A work-in-progress collection of easy (and some not so easy) to access data sets. Created for the Data Analytics for Economists course at the University of Wisconsin -- Madison, but all are welcome. Suggestions and corrections are always appreciated (ruhl2@wisc.edu).

Data repositories

Aggregate Economic Data

Data on Individuals

  • American Community Survey Social, economic, housing, and demographic data often used to produce county-level analysis. The public use microdata sample (PUMS) contains anonymous data on individuals.

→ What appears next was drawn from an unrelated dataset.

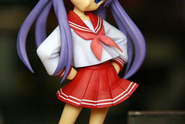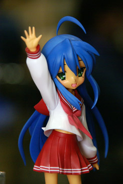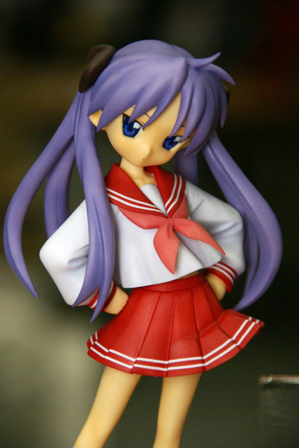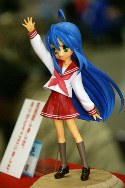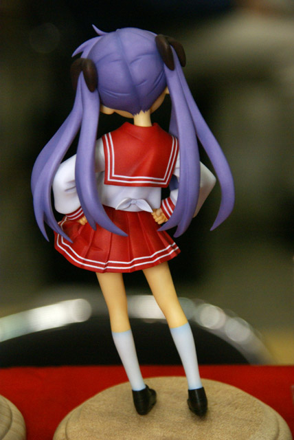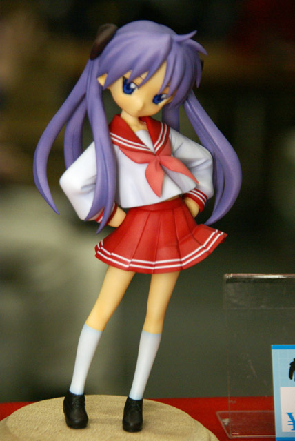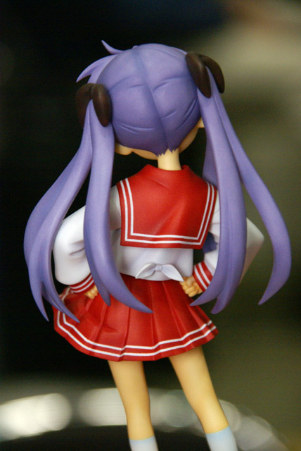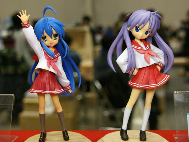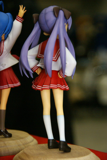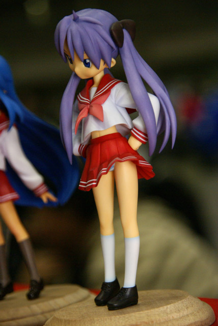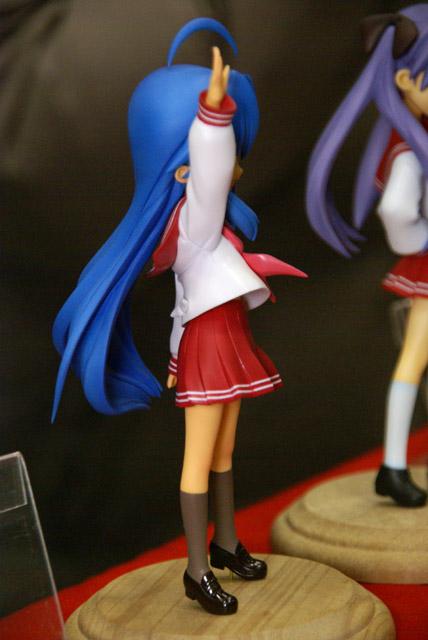 12月23日に開催された、ワールドホビーフェスティバル(WHF)有明17チェリーブロッサムさんのブースでは、新作の「らき☆すた」のこなたとかがみが展示されていました。どちらも特徴をうまく捉えたポーズ&表情で、とても良い完成度かと!特にかがみのツンっとした表情はかなりイメージに近いと思いますよ〜! あ、あとかがみは縞パンはいてましたw

  • Current Population Survey Household level data on employment, income, and education.

  • NLSY79 These data follow a cohort of men and women who were 14-22 years old in 1979. They are then re-surveyed each year until 1994. Not the easiest data to access, but there is a lot to learn from it.

  • National Survey of Family Growth Interviews with females about pregnancy and associated topics. Includes demographic data.

  • FBI Crime Data Explorer What kinds of crimes are being committed? How are they changing over time?

Wisconsin Data

  • WI Dept. of Health Services Data on Asthma, Zika, and lots in between. It takes some clicking around, but many of datasets can be visualized as a map to get you thinking. Look for the download button in the top right corner.

  • Wisconsin Voting Data A lot of detail. There is an api, too.

  • City of Madison More data on the city, including lots of spatial data. The tax rolls are interesting—-I can see my house in this dataset!

Micro Export Data

  • Brookings Export Monitor Exports by industry at the county, metro, and state levels. (aggregates, too) This data tracks goods according to where they were produced.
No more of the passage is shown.